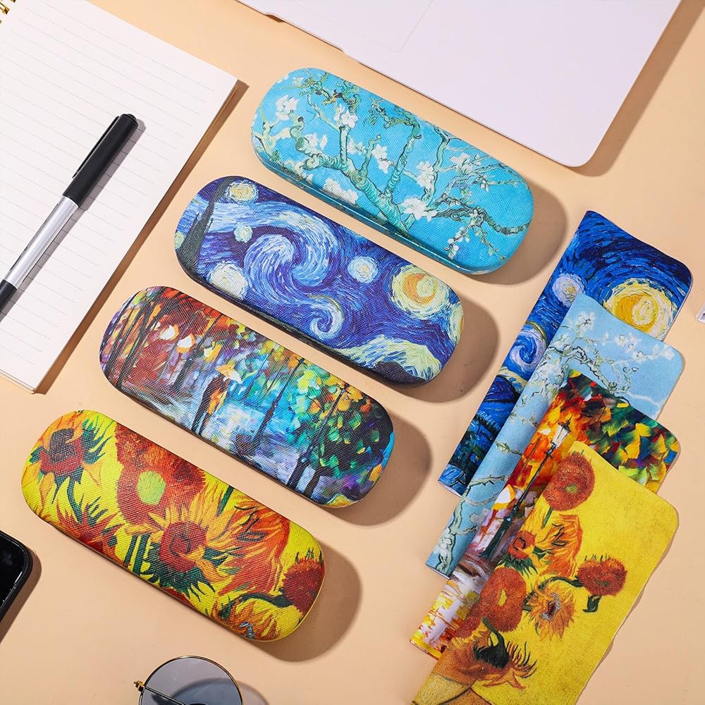 حزمة قيمة: سوف تحصل على 4 عبوات من حافظات النظارات الصلبة، وتأتي مع 4 قطع من قماش التنظيف بتصميم مختلف، مريحة لك لفرز النظارات ووضعها بشكل منظم.
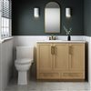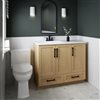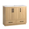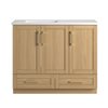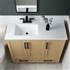 Introducing the Marien, a 42-in vanity with a stunning Sahara finish that adds a touch of sophistication to any bathroom. Choose between matte black or gold handles to match your décor. The white cultured marble integrated offset sink, designed with a 4-inch faucet drilling, enhances the vanity's modern appeal. The Marien offers ample storage with three slow-close doors, two regular-close drawers, and one regular-close interior drawer for a seamless experience.
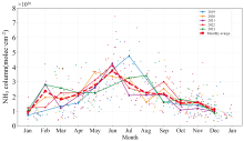 | 图4 2019年— 2023年合肥地区大气氨气柱浓度月均值与整个观测期间月均值Fig.4 Monthly means of atmospheric ammonia column in each year and the cumulative monthly-averaged ammonia column from 2019 to 2023 |
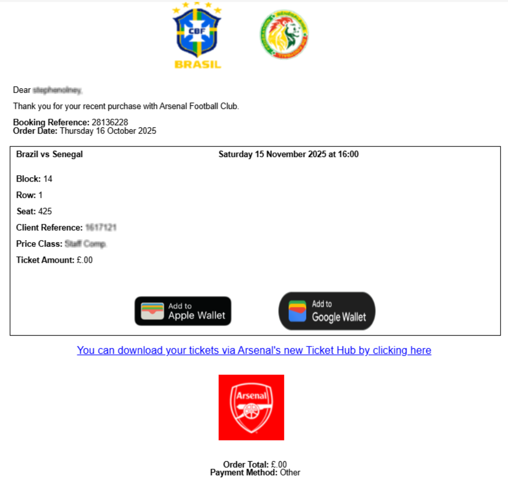 All tickets can be downloaded directly to your smartphone from your email confirmation, please see below an example.
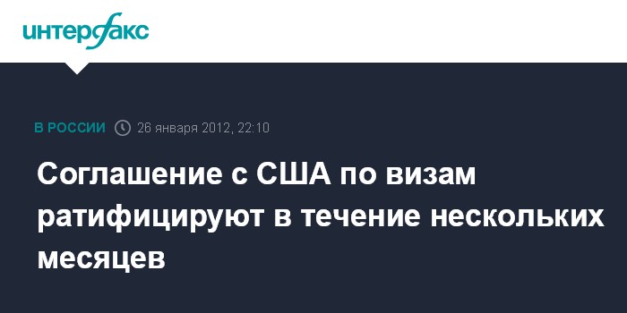 Москва. 26 января. INTERFAX.RU - Ратификация соглашения о визовых упрощениях между Россией и США пройдет в течение ближайших нескольких месяцев, заявил замглавы МИД РФ Сергей Рябков.
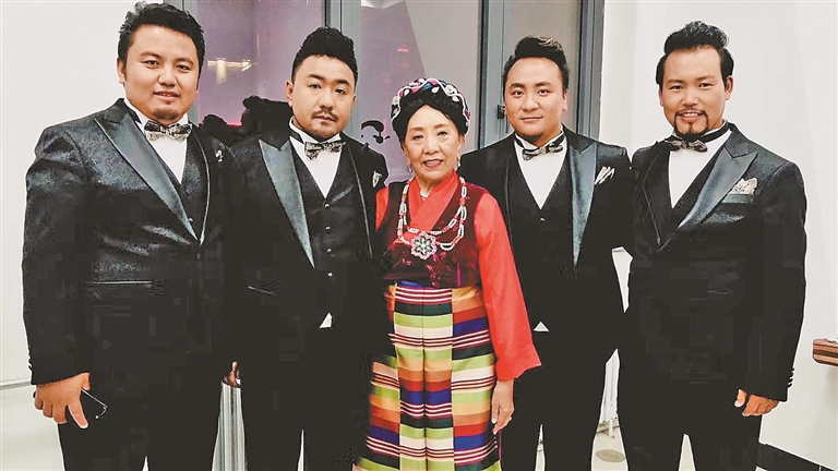 “雪域之子”組合與著名女高音歌唱家才旦卓瑪(中)合影。(圖片均由占堆提供)
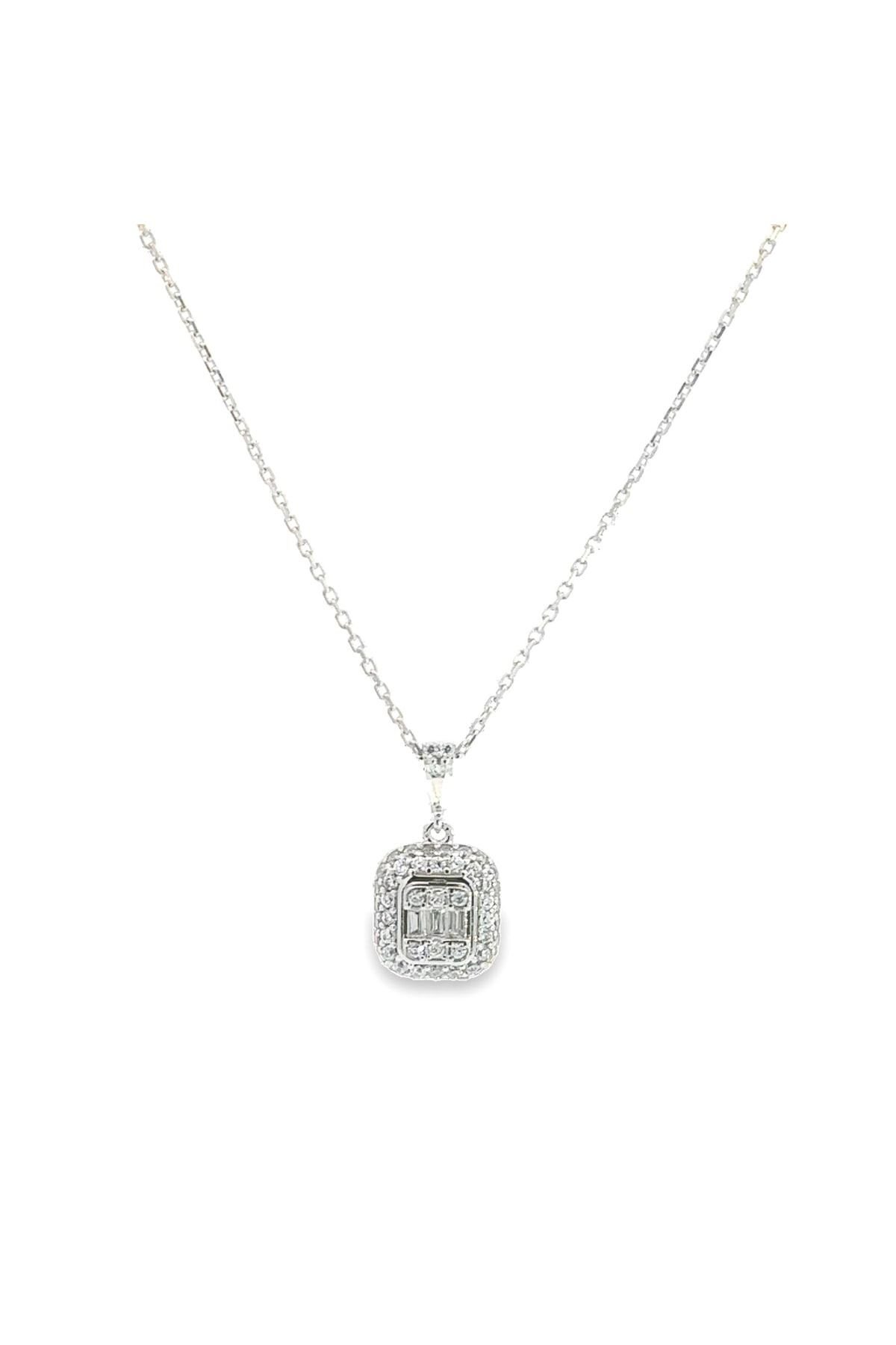 14 Ayar 2.73 Gr Baget Taşlı Beyaz Altın Gerdanlık Kolye - 1000408898
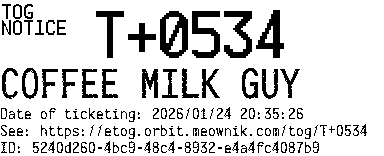 Orbit eTOG Listing Service: T+0534 COFFEE MILK GUY
######
● **YOUR TASK**: Set down exactly and only the lines from the line that contains "14 Ayar 2.73" through the last line of the entries above, with both of those lines included and the pictures left out.

● **SOLUTION BELOW**:
 14 Ayar 2.73 Gr Baget Taşlı Beyaz Altın Gerdanlık Kolye - 1000408898
 Orbit eTOG Listing Service: T+0534 COFFEE MILK GUY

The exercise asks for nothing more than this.